Am Mittwoch den 07.03.2018 konnte das BRK Roßtal seine Einsatzbereitschaft Tatkräftig unter Beweis stellen.
Am Montag den 05.03.2018 war auf der Hardhöhe in Fürth eine 250 Kilo Bombe entdeckt worden. Kurz darauf wurde entschieden, dass die Bombe vor Ort entschärft werden muss.

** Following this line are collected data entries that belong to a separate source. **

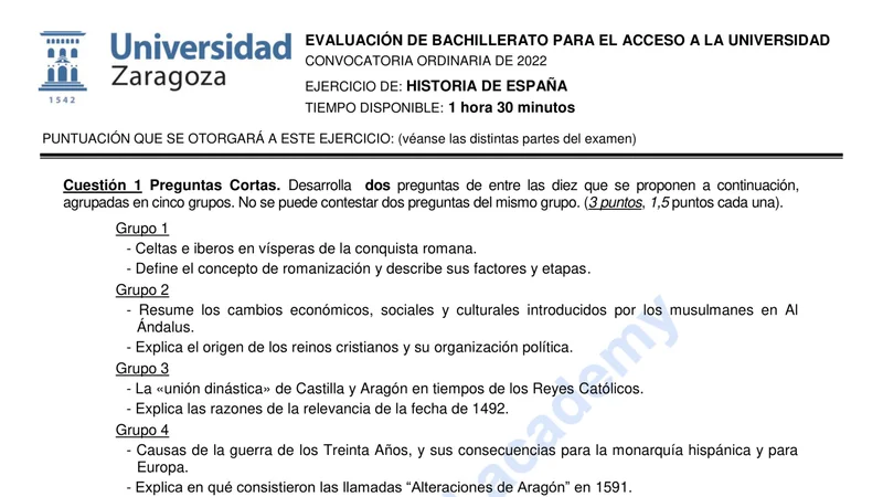 Reservar clase gratis →Examen de Historia de España selectividad Aragón (Ordinaria 2022)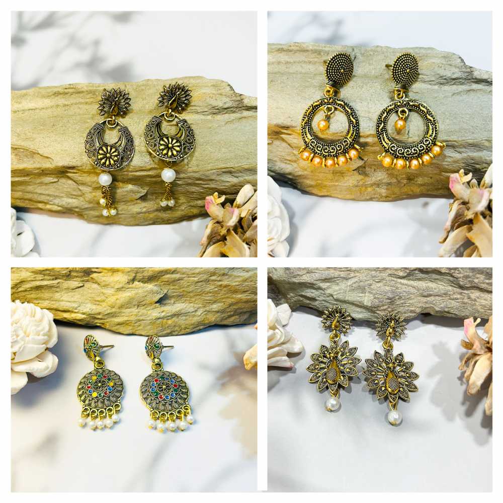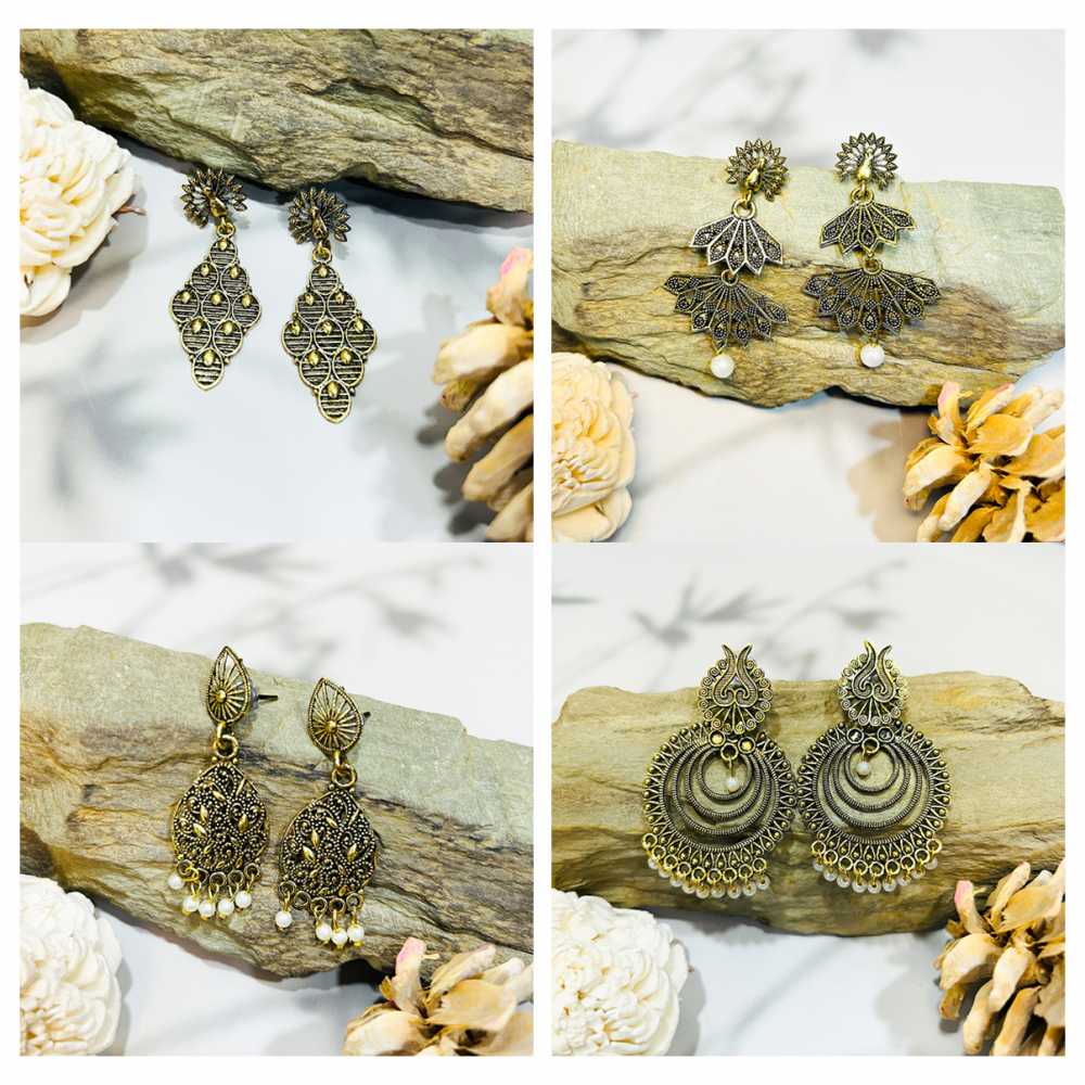 • Product Particulars: Crafted from high quality gold plated oxidised zinc metal comes with chandelier model. All the earrings have comfortable push back closures.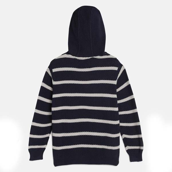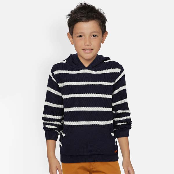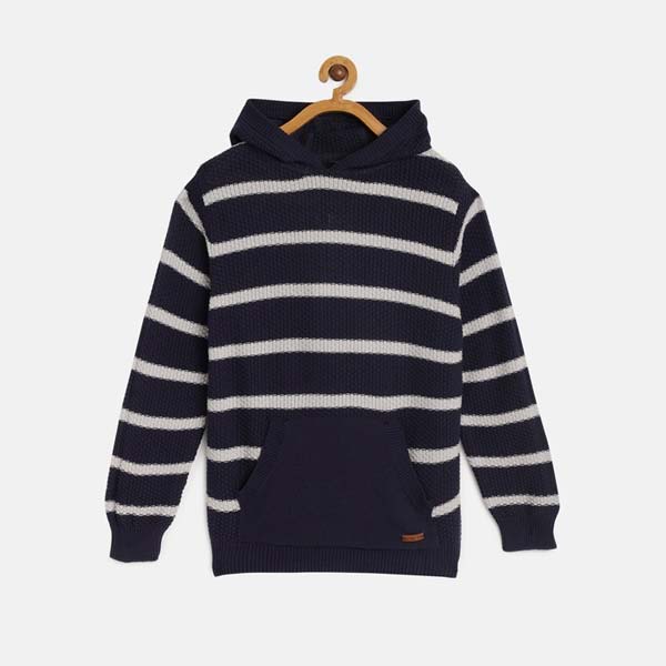 Boys Navy Blue & Grey Striped Pullover Sweater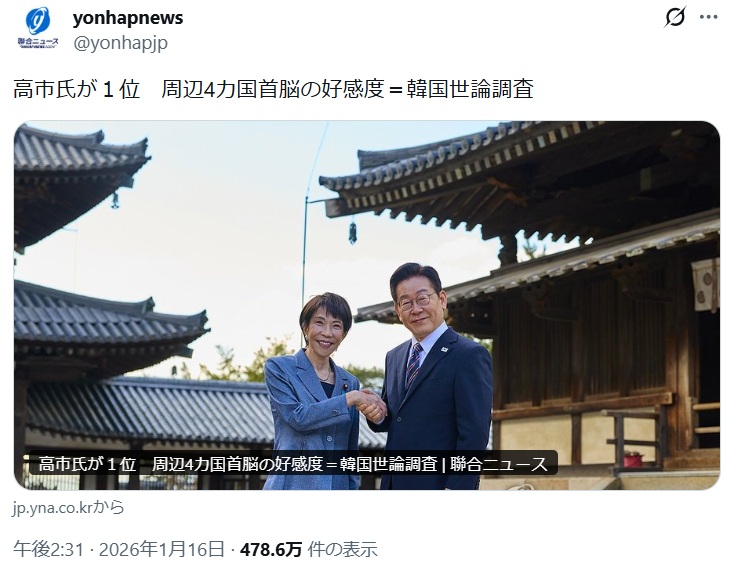 高市さんどうこうっていうより、韓国においてトランプより習近平のほうが好感度が高いことがニュースな気がする。

Durch diese Entscheidung war klar, dass ein Gebiet von 500 Meter Radius um die Bombe evakuiert werden muss. Hiervon waren 4.000 Anwohner und 5.000 Mitarbeiter der anliegenden Firmen betroffen.
Die Alarmierung kam am Dienstag den 06.03.2018. Sofort meldeten sich fünf EHRENAMTLICHE Helfer, die Ihre Freizeit und Ihre Überstunden zu gunsten der betroffenen Menschen opferten.
Das BRK hatte den Auftrag ca. 50 Menschen zu transportieren, die nicht selbstständig in eine geeignete Unterkunft gehen konnten.
Das ganze begann um 13:00 Uhr. Der Roßtler Krankenwagen und der Roßtaler Rettungswagen brachten jeweils einen Patienten in das Altenheim in die Friedrich-Ebert-Straße.
Neben den Personen wurden Rollstühle, Rollatoren und Sauerstoffgeräte transportiert.
Während der Rettungswagen eine Pause bekam transportierte der Roßtaler Krankenwagen drei weitere betroffene Personen in das K-Schutzzentrum nach Atzenhof.
Hier wurde der Standort für die nächsten 3 Stunden bezogen. Auch der Rettungswagen wurde in das K-Schutzzentrum verlegt.
Die drei Stunden wurden zusammen mit anderen Helfern aus dem Kreisverband Fürth, sowie Einheiten aus Nürnberg verbracht.

Um 17:40 Uhr kam die Meldung "Bombe entschärft". Der Rettungswagen und der Krankenwagen aus Roßtal brachten jeweils einen Einwohner zurück in seine Wohnung.
Um 19 Uhr war der Einsatz für die Bereitschaft Roßtal beendet.

An dieser Stelle möchte ich mich ganz herzlichen, bei allen ehrenamtlichen Helfer bedanken, die wie jedes Mal für andere Menschen da sind und diesen helfen.